We all know the 3-SAT problem is NP-hard, so we don't expect to be
able to get a polynomial-time algorithm to find a satisfying
assignment. But maybe we can at least beat the naive 2^n time bound
of just trying all possible solutions. (ok, we could try all possible
solutions in a random order, getting expected time 0.5*2^n = 2^{n-1},
but that's not much of a savings).
Here is an idea due to Uwe Schoening, that you will see is closely
related to the algorithm we just analyzed. Will first reduce time to
3^{n/2} = 1.73^n, then to 1.5^n, and then to 1.33^n.
Schoening's Alg, version 1:
1. pick a random initial assignment x.
2. while there is at least one unsatisfied clause and have done this
at most n times:
- pick an *arbitrary* unstatisfied clause c.
- flip the bit of a *random* x_i in the clause.
3. If the formula is still not satisfied, go to 1.
(see analysis for when to give up).
Analysis #1: consider some arbitrary correct satisfying assignment A.
With probability at least 1/2, the initial x agrees with A on at least
n/2 positions. Now, every iteration of step 2 has at least a 1/3
chance of increasing the agreement with A by 1 (does everyone see
why?). So, there is probability at LEAST p = (1/2)*(1/3)^{n/2}, we
reach a satisfying assignment in n/2 steps. So, whp we will find a
satisfying assignment after at most log(n)/p runs (does everyone see
why?). So this is total time about O(n log n * 3^{n/2}).
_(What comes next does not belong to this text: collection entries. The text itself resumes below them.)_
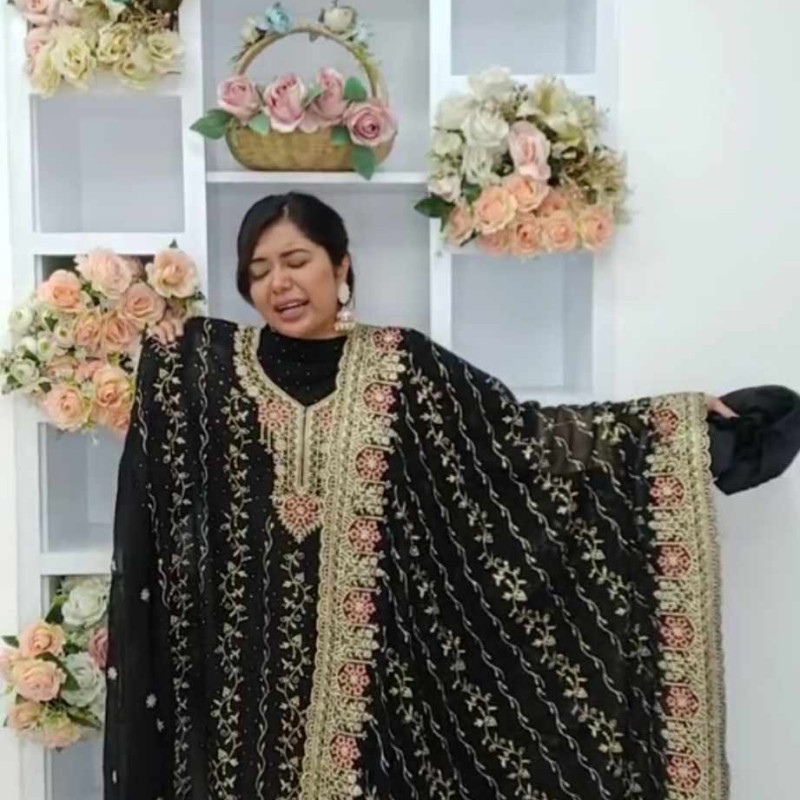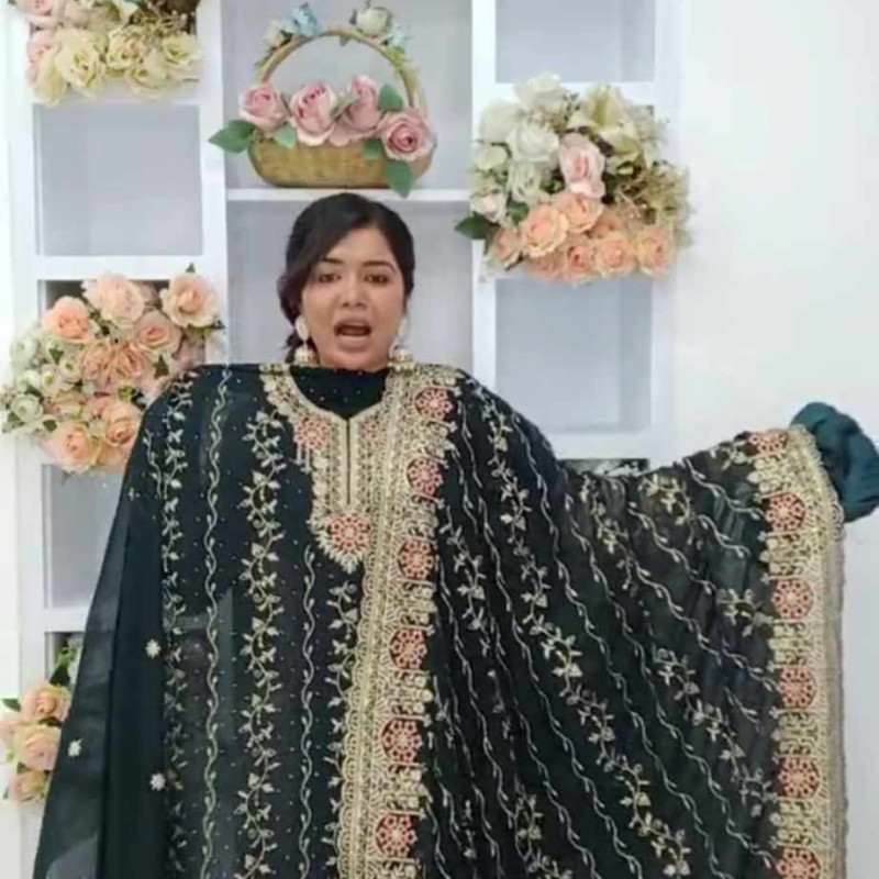 Pure Chiffon Georgette Embroidery Stone Work four piece
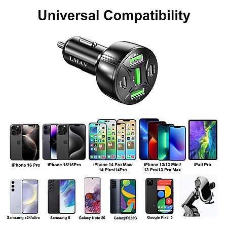 5-Port LMAV 75W 2x USB-C & 3x USB-A Car Charger Adapter (Black) $4.27 + Free Shipping w/ Prime or on $35+
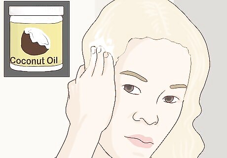 Apply an olive oil or coconut oil mask once a week. A natural oil mask can be a great way to restore additional moisture to your hair. Apply the oil mask before shampooing your hair, leave it in for 30 to 60 minutes, then wash your hair with a gentle shampoo and skip the leave-in conditioner. Do this about once a week until your hair feels and looks healthy again. You'll need anywhere from 2 to 4 Tbsp (30 to 60 ml) of oil, depending on the length of your hair. Stick with either olive oil or coconut oil since other oils may not hydrate your hair quite as well. Focus on applying the oil to your hair while avoiding the scalp. Your scalp should already be producing oil at this point, and applying additional oil to the scalp can make your roots feel grimy even though the rest of your hair could still be dry. If you're not interested in natural hair masks, you should still consider a commercial hair mask once per week for correcting bleach damage. Apply the commercial mask according to label instructions.

Analysis #2: We can get a better bound by just doing a less crude
analysis. Rather than saying "with probability at least 1/2, the
initial x agrees with A on at least n/2 positions", we can say that
the probability x agrees with A on k positions is {n \choose k}*2^{-n}.
So, the probability that in step 2 we make a beeline towards A
(increasing agreement by 1 on each step until reaching a satisfying
assignment) is at least \sum_k {n \choose k}*2^{-n}*(1/3)^k.
As a cute trick we can then see that this equals 2^{-n}*(1 + 1/3)^n.
So, the probability p of success is at least (2/3)^n.
To improve this, we slightly change the algorithm:
Schoening's Alg, version 2:
Same as version #1, but do step 2 for 3n iterations (rather than just
n iterations) before giving up.
Analysis: Hmm - let's leave this to the homework!
[Notes:
- Coloring algorithm is from: Colin McDiarmid, ``A random recouloring
method for graphs and hypergraphs.'' Combinatorics, Probability and
Computing, 2:363-365, 1993.
- 3-SAT algorithm is from: U. Schoening. A probabliistic algorithm for
k-SAT and constraint satisfaction problems. Proc. 40th
Symp. Foundations of Computer Science, pp. 410-414, 1999.
]